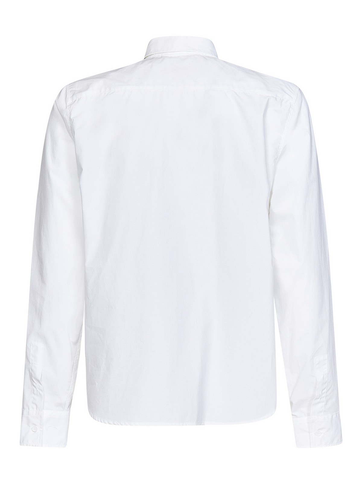 Vorderer Verschluss mit Knöpfen, spitzer Kragen mit silbernen Metallenden, Ton-in-Ton-Logostickerei auf der Vorderseite, lange Ärmel, geknöpfte Manschetten, weiße Baumwolle, der Artikel auf dem Foto entspricht Größe M
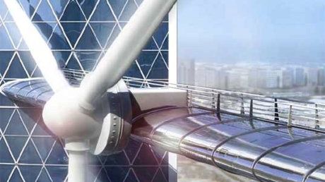Na wysokość ponad 240 m. wznoszą się dwie bliźniacze pięćdziesięciopiętrowe wieże w kształcie żagli. To World Trade Center w mieście Manama w Bahrajnie. Wieże połączone są trzema ogromnymi wiatrakami - turbinami wiatrowymi. Każdy z wiatraków ma średnicę prawie 30 metrów! I wygląda jak śmigło olbrzymiego samolotu.
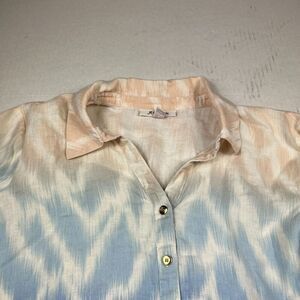 JM Collection Linen Button Down Shirt Printed 3/4 Sleeve Casual Top Size 12
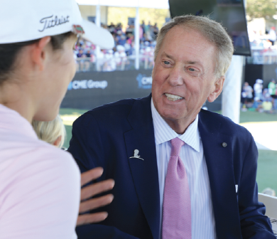 As Duffy tells it: “Jay calls Mike Whan [on speaker phone], and he says, I’ve got to tell you something. We’re at Cypress with Tim because I just became commissioner, and President Bush and another guy you might know. Mike Whan goes, Who’s that? They go Terry Duffy. Mike Whan goes, I’m on my way. You’re not taking him from me. I kept saying to Jay, what’s this CDC Mexican Open, because they were looking for a new sponsor for that big tournament in Mexico. I was thinking, Geez, my clients might really enjoy Mexico. It was priceless. That’s how we did it. But they knew – listen, I believe Tim and Jay to this day understand the value of having a strong LPGA. They know how important it is to the game of golf. So, we had a little fun with Mike Whan, but there was no threat of me going there, and they want the LPGA to have more people to help them be successful.”
◆ ◆ ◆ ◆ ◆ ◆ ◆
◆ Goal of the exercise
In the listing above, find the line with "Na wysokość ponad" and output it and every line after it up to and including the line with "JM Collection Linen", exactly, minus the pictures.

◆ Finished task
Na wysokość ponad 240 m. wznoszą się dwie bliźniacze pięćdziesięciopiętrowe wieże w kształcie żagli. To World Trade Center w mieście Manama w Bahrajnie. Wieże połączone są trzema ogromnymi wiatrakami - turbinami wiatrowymi. Każdy z wiatraków ma średnicę prawie 30 metrów! I wygląda jak śmigło olbrzymiego samolotu.
 JM Collection Linen Button Down Shirt Printed 3/4 Sleeve Casual Top Size 12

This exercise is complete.